Les sanctions secondaires ou comment punir le monde entier

C’est le concept des sanctions secondaires qui fait toute la différence ici. Les sanctions primaires ciblent directement un pays ennemi — dans ce cas, la Russie. Mais les sanctions secondaires visent des tierces parties, des nations qui n’ont rien fait d’illégal selon le droit international mais qui refusent simplement de participer au blocus américain. C’est Washington qui impose unilatéralement ses priorités géopolitiques au reste de la planète en menaçant d’exclusion économique quiconque ose poursuivre des relations commerciales légitimes avec Moscou. Trump a déjà testé cette approche en août 2025 avec une surtaxe de vingt-cinq pour cent spécifiquement sur le pétrole russe, ajoutée à d’autres tarifs réciproques existants. Mais ce nouveau projet de loi va exponentiellement plus loin. Il ne s’agit plus de surtaxes modestes, mais de tarifs punitifs conçus pour annihiler totalement toute velléité de commerce avec la Russie. Lindsey Graham a été explicite lors d’une interview sur ABC News: « Si vous achetez des produits russes et que vous n’aidez pas l’Ukraine, alors il y aura un tarif de cinq cents pour cent sur vos produits entrant aux États-Unis. L’Inde et la Chine achètent soixante-dix pour cent du pétrole de Poutine. Ils maintiennent sa machine de guerre en marche. »

Trump enthousiaste et menaçant à la fois

Devant les journalistes samedi dernier, Trump a confirmé son soutien total à cette législation draconienne. « Comme vous le savez, je l’ai suggéré, donc tout pays qui fait affaire avec la Russie sera très sévèrement sanctionné », a-t-il déclaré avec cette assurance caractéristique qui ne laisse aucune place au doute. Il a poursuivi en ajoutant que ces pays « pourraient perdre complètement leur capacité de commercer avec nous », une menace qui équivaut à une excommunication économique du système commercial occidental. Mais Trump n’a pas terminé là. Il a évoqué la possibilité d’étendre ce régime punitif à l’Iran également, créant ainsi un double front de guerre économique simultané contre deux des principaux adversaires de Washington. « Nous examinons cela aussi pour l’Iran », a-t-il indiqué, laissant entendre que tout pays important du pétrole iranien pourrait bientôt faire face aux mêmes tarifs apocalyptiques. Cette extension potentielle transformerait la mesure d’une sanction ciblée contre la Russie en une restructuration forcée de l’ensemble du commerce énergétique mondial, obligeant chaque nation à choisir entre ses fournisseurs traditionnels et l’accès au marché américain.

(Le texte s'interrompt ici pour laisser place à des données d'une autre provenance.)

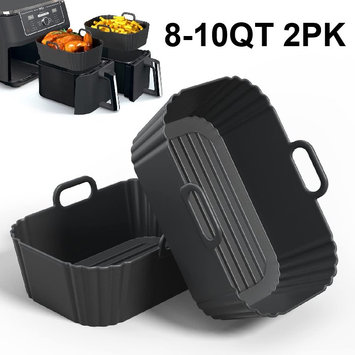 2PK Silicone Liner for Dual Air Fryer - 8qt-10QT - Black
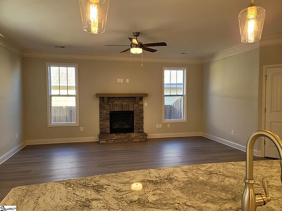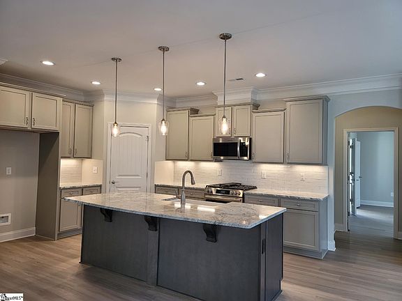 Upscale new community between Simpsonville and Mauldin. New construction 4 bedrooms plus a bonus room and 3 full baths. Wonderful new craftsman style neighborhood with quality built homes with many custom features From the moment you walk in the spacious foyer with a tray ceiling. This home features a dream kitchen with multi-level shaker style 42" tall cabinets with crown molding, granite countertops, under cabinet lighting, upgraded stainless steel appliance package including gas range, tile backsplash, pendant lights over the huge island, to give extra seating and work space. There is a stacked stone fireplace with gas logs in the great room. The dining area opens to the covered back porch. There is Craftsman style wainscoting in foyer and dining area. Primary bedroom is on the main level featuring a tray ceiling with deep moldings, five piece bath with a long vanity with double sinks and the huge walk in closet that has multiple level hanging. As you go out back you will see a large covered back porch featuring a stack stone gas fireplace plus a patio for your enjoyment and quiet time. The yard has ben fully sodded and has an irrigation system. The upstairs features a full suite that could be a second master bedroom because it is so large, a full bath and a bonus/media/theater room.

Cinq cents pour cent. Je tourne ce chiffre dans ma tête depuis que Trump l’a prononcé et je n’arrive toujours pas à concevoir l’ampleur de ce qu’il signifie réellement. C’est tellement disproportionné que ça en devient presque abstrait, comme ces chiffres astronomiques de la dette nationale qu’on ne peut plus vraiment saisir humainement. Mais quand je ramène ça au concret, quand je pense aux entreprises chinoises qui exportent vers l’Amérique, aux raffineries indiennes qui dépendent du pétrole russe bon marché, aux économies entières bâties sur ces flux commerciaux, je réalise que Trump ne joue pas. Il est en train de construire un système où l’allégeance géopolitique devient plus importante que l’efficacité économique, où le commerce international n’est plus guidé par l’avantage comparatif mais par la soumission politique. Et franchement, ça me glace.